§ Work instructions
Retype each line of the data below exactly, beginning with the first and ending with the one that contains "Una porción de". Pictures do not belong in the copy.

§ Records for the exercise
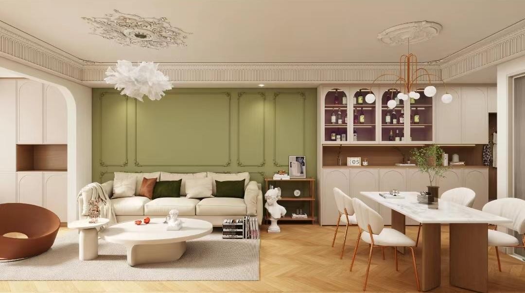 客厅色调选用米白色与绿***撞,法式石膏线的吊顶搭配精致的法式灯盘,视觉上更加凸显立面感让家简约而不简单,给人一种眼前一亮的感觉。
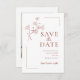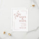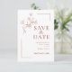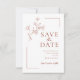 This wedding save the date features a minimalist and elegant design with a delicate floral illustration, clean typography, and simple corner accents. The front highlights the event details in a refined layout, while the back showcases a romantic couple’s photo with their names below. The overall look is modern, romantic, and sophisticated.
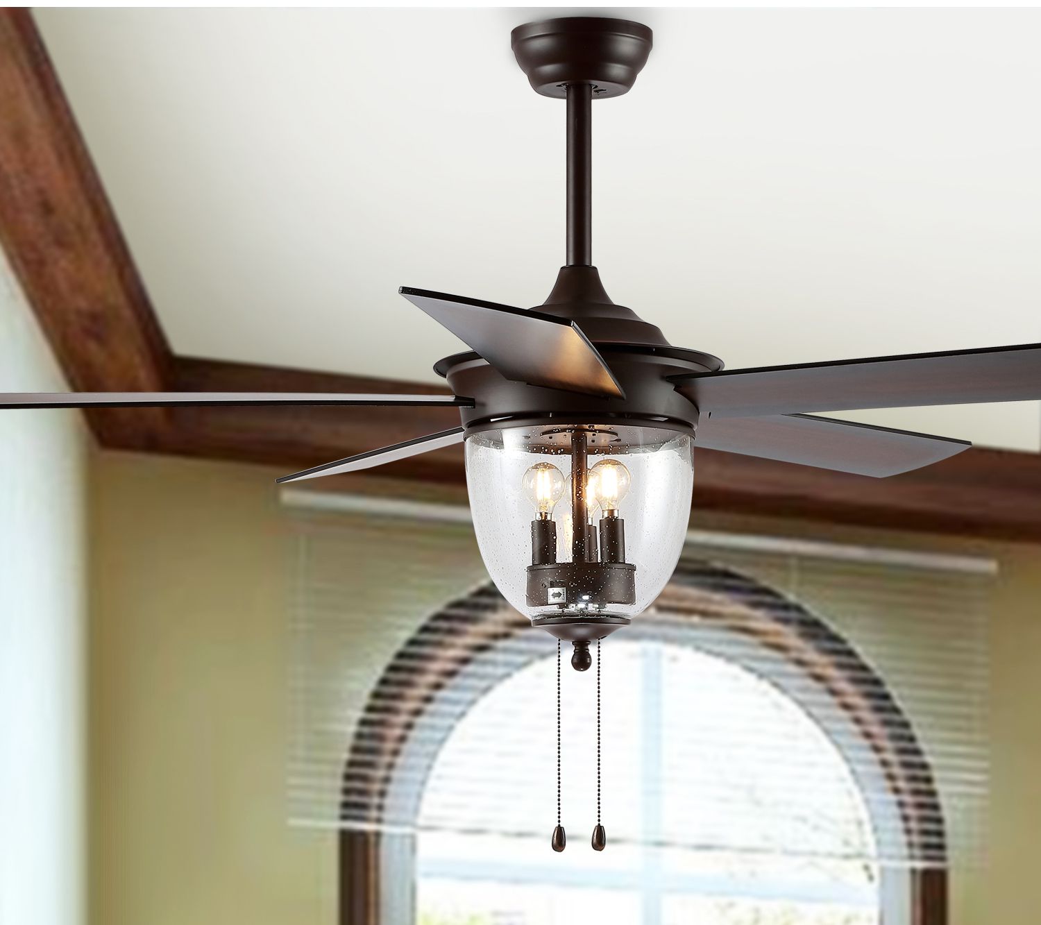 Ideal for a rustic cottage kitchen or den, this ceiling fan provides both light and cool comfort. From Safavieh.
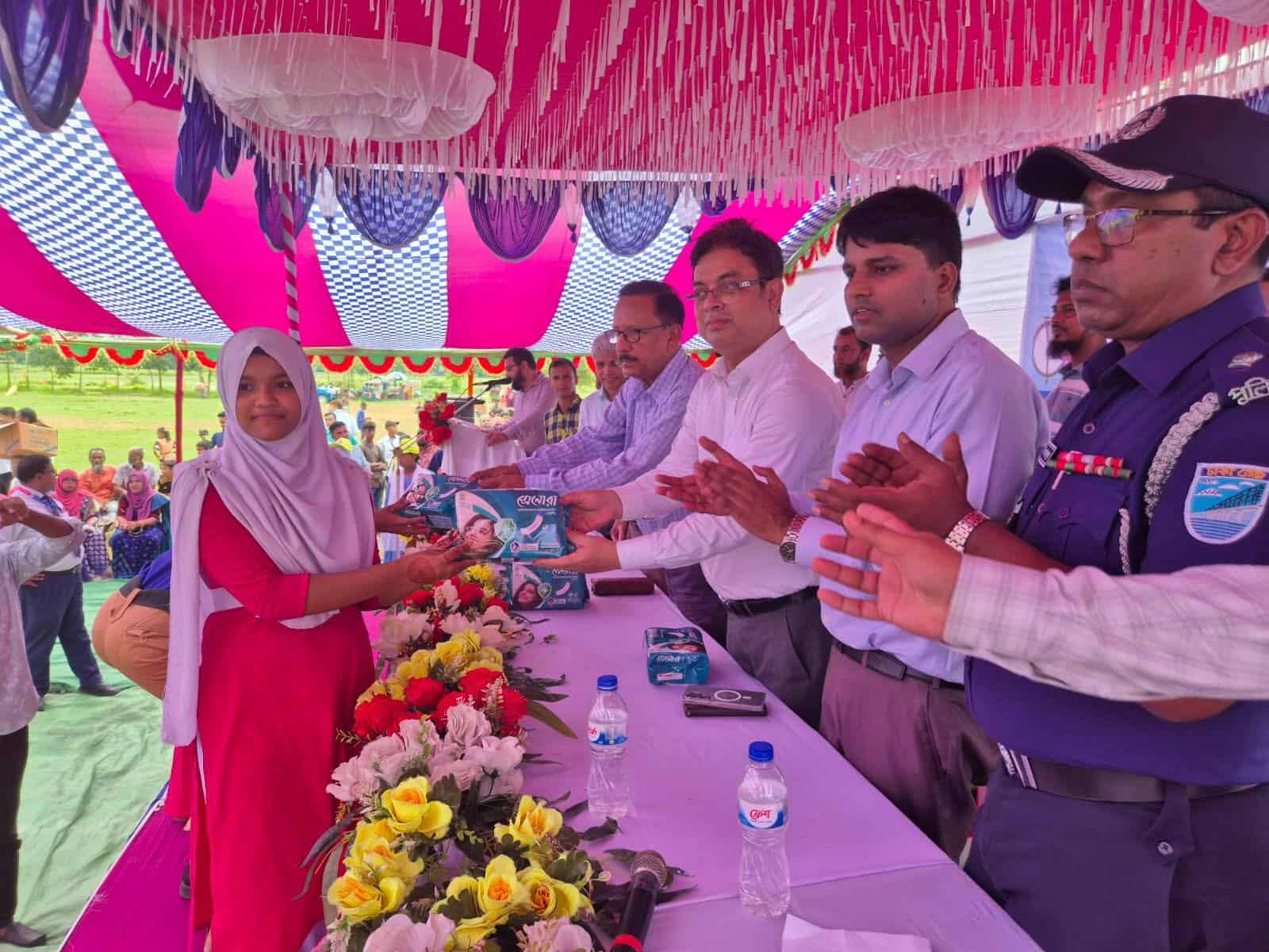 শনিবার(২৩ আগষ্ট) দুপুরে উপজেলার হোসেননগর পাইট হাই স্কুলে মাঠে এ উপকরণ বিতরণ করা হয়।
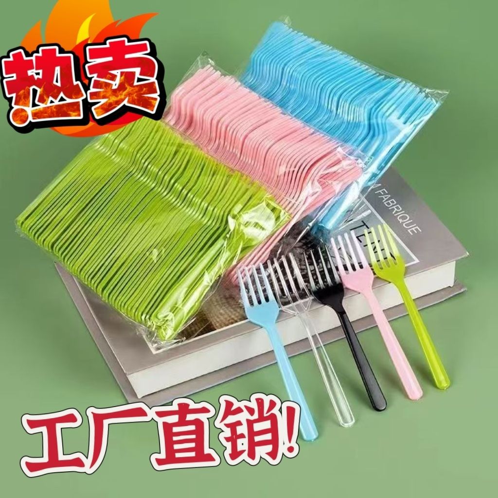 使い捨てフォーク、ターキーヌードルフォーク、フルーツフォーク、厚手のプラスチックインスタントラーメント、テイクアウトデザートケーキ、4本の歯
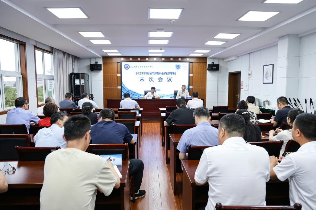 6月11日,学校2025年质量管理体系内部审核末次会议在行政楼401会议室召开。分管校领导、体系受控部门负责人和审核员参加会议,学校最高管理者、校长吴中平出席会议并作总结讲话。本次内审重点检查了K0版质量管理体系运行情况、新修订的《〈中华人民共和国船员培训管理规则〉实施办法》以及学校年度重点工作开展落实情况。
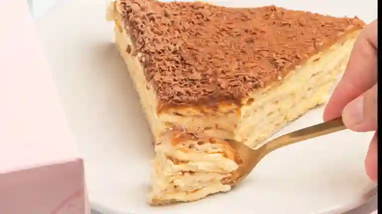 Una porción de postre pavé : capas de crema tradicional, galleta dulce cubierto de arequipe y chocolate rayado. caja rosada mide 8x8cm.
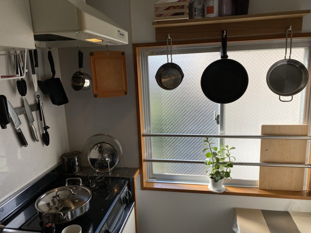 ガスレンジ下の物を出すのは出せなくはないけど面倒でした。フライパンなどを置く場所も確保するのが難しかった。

§ Task solution
 客厅色调选用米白色与绿***撞,法式石膏线的吊顶搭配精致的法式灯盘,视觉上更加凸显立面感让家简约而不简单,给人一种眼前一亮的感觉。
 This wedding save the date features a minimalist and elegant design with a delicate floral illustration, clean typography, and simple corner accents. The front highlights the event details in a refined layout, while the back showcases a romantic couple’s photo with their names below. The overall look is modern, romantic, and sophisticated.
 Ideal for a rustic cottage kitchen or den, this ceiling fan provides both light and cool comfort. From Safavieh.
 শনিবার(২৩ আগষ্ট) দুপুরে উপজেলার হোসেননগর পাইট হাই স্কুলে মাঠে এ উপকরণ বিতরণ করা হয়।
 使い捨てフォーク、ターキーヌードルフォーク、フルーツフォーク、厚手のプラスチックインスタントラーメント、テイクアウトデザートケーキ、4本の歯
 6月11日,学校2025年质量管理体系内部审核末次会议在行政楼401会议室召开。分管校领导、体系受控部门负责人和审核员参加会议,学校最高管理者、校长吴中平出席会议并作总结讲话。本次内审重点检查了K0版质量管理体系运行情况、新修订的《〈中华人民共和国船员培训管理规则〉实施办法》以及学校年度重点工作开展落实情况。
 Una porción de postre pavé : capas de crema tradicional, galleta dulce cubierto de arequipe y chocolate rayado. caja rosada mide 8x8cm.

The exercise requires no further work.